For ten seconds, maybe twenty, he said nothing, and tried to assemble his thoughts. The silence was so prolonged, Admiral Sadowski thought it might be another line of communication down. Dunsmore cleared his throat, searched for words, and just then there was a sharp tap on the door to his office and his senior assistant, a young lieutenant commander, burst in. “Admiral, I got NSA in Fort Meade on the line — Morgan in person — we got one big problem in the Arabian Sea. I have to talk with you.

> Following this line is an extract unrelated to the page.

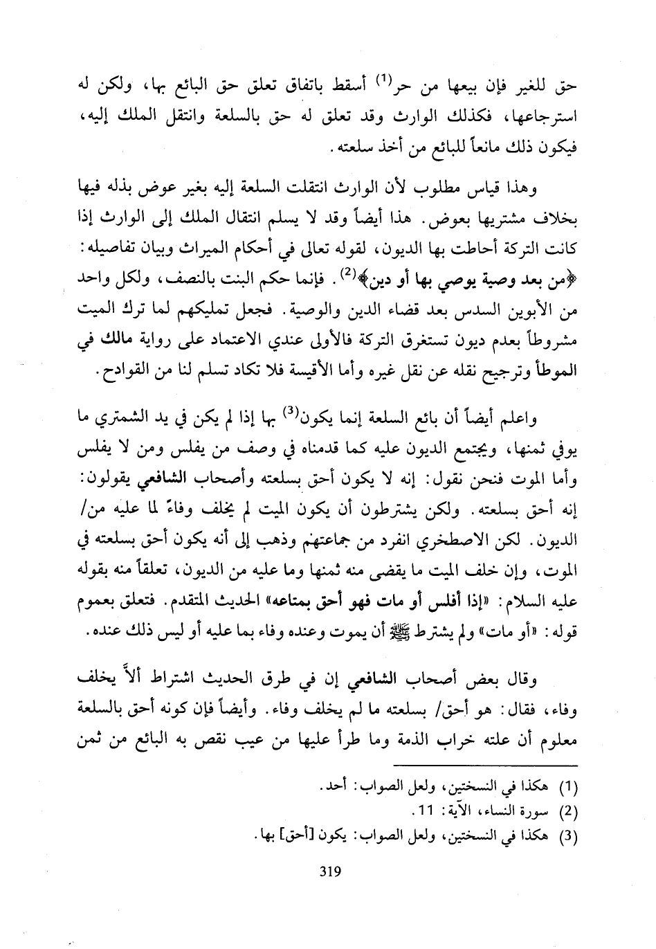 وهذا قياس مطلوب لأن الوارث انتقلت السلعة إليه بغير عوض بذله فيها بخلاف مشتريها بعوض. هذا أيضًا وقد لا يسلم انتقال الملك إلى الوارث إذا كانت التركة أحاطت بها الديون، لقوله تعالى في أحكام الميراث وبيان تفاصيله: {مِنْ بَعْدِ وَصِيَّةٍ يُوصَى بِهَا أَوْ دَيْنٍ} (¬2). فإنما حكم البنت بالنصف، ولكل واحد من الأبوين السدس بعد قضاء الدين والوصية. فجعل تمليكهم لما ترك الميت مشروطًا بعدم ديون تستغرق التركة فالأولى عندي الاعتماد على رواية مالك في الموطأ وترجيح نقله عن نقل غيره وأما الأقيسة فلا تكاد تسلم لنا من القوادح.

You want me to transfer that call to someone else?”

“Not for the moment,” replied the admiral. “Tell Admiral Morgan we’ll call him back as soon as I finish with this.” And then he addressed Admiral Sadowski for the first time. “Do you have a degree of certainty on that, Admiral?”

“I would not have called unless it was 100 percent, sir. One of our guided missile cruisers, Arkansas, has entered the area around the last known position of the carrier.

“He did so because his Combat Information Center was observing five contacts on the radar screen when there should have been six. He came alongside the five ships, all of which had sustained damage in an obvious nuclear explosion. There’s a lot of radioactive fallout.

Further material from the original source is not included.